The Taito cluster includes a separate partition called Taito-mic that has 45 compute nodes with dedicated Intel Xeon Phi coprocessors based on the Many Integrated Core (MIC) architecture. Each node has two Intel Xeon-Phi 7120X coprocessors (or KNCs as they are often called after their code name Knights Corner) and two 6-core Intel Xeon E5-2620-v2 host CPUs, based on the Ivy Bridge microarchitecture. Memory wise, there are 32 GB of DDR3 1600 Mhz memory, and the local disks are 500 GB SATA3 HDD. These compute nodes part of a supercomputer from Bull acquired in 2014, and have been integrated tightly to the Taito cluster to appear as one entity.
To best utilise the hardware, we have chosen an approach where the MD workload is divided in such a way that PME calculations are done on the host CPUs and the pairwise force calculations are done on the MIC cards. In this document we document how to run Gromacs optimally on Taito-mic using this approach, and discuss which cases are useful to run there.
This document is part of a repository containing ready-to-use launcher scripts that automatically run correct binaries on the host CPUs and the MIC cards. Specifications for Taito-mic are included (specs.taito), so no modifications should be needed to start using them on Taito-mic.
If you haven't got the full repository, you can get it from: https://github.com/cschpc/gromacs-on-knc
Please see README.md for instructions on how to use the launcher scripts.
Best practice: Use half a node (one CPU & one KNC) for smaller jobs, and one node (two CPUs & two KNCs) for larger jobs.

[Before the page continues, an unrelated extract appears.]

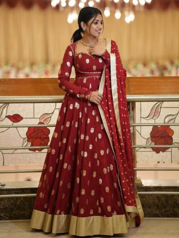 PACKAGE CONTAIN :- GOWN WITH DUPATTASKU: 75966-2 - LATEST FAUX BLOOMING EMBROIDERY ZARI SEQUENCE WORK GOWN WITH DUPATTA MAROON ₹1,848.00
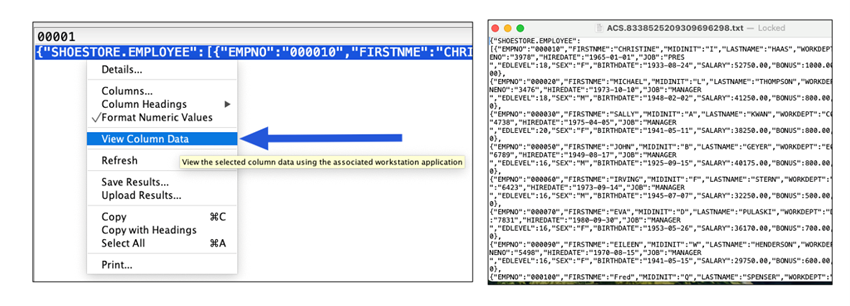 近年、IBM i でも JSON形式のデータをSQLで扱うケースが増えてきました。従来は、JSON列の値が1行のテキストとして表示されるため、構造が分かりにくいという課題がありました。ACS 1.1.9.8以降では、JSON型の列を右クリックし、「View Column Data」を選択することで、整形されたJSONビューで表示できるようになりました。

In general the scalability to multiple nodes is very poor. Only the very biggest cases show acceptable scalability to 2 or even 4 nodes. Especially for smaller cases half a node (reserving only one KNC per job) is most beneficial in the sense that the two jobs get the best throughput.
Best practice: Use 1 MPI task per CPU.
By running 1, 2, 3 and 6 MPI tasks per host CPU one can see that running 1 task each having 6 threads is up to 4x faster than the other options.
Best practice: No generally optimal value, but use 30 MPI tasks with 8 threads each (4 threads per core) per KNC when in doubt.
One cannot recommend one single value as being the optimal. The optimal choice depends on the number of nodes Gromacs is running on, and on the number of atoms. The general rule is:
- User more processes per MIC when the number of atoms increases
- Use less processes per MIC when the number of nodes increases
In Table 4 some good values are shown for three different use cases (details below) on 1/2 - 4 nodes. These can be used as reasonable first guesses for the number of MPI tasks and threads depending on the system size.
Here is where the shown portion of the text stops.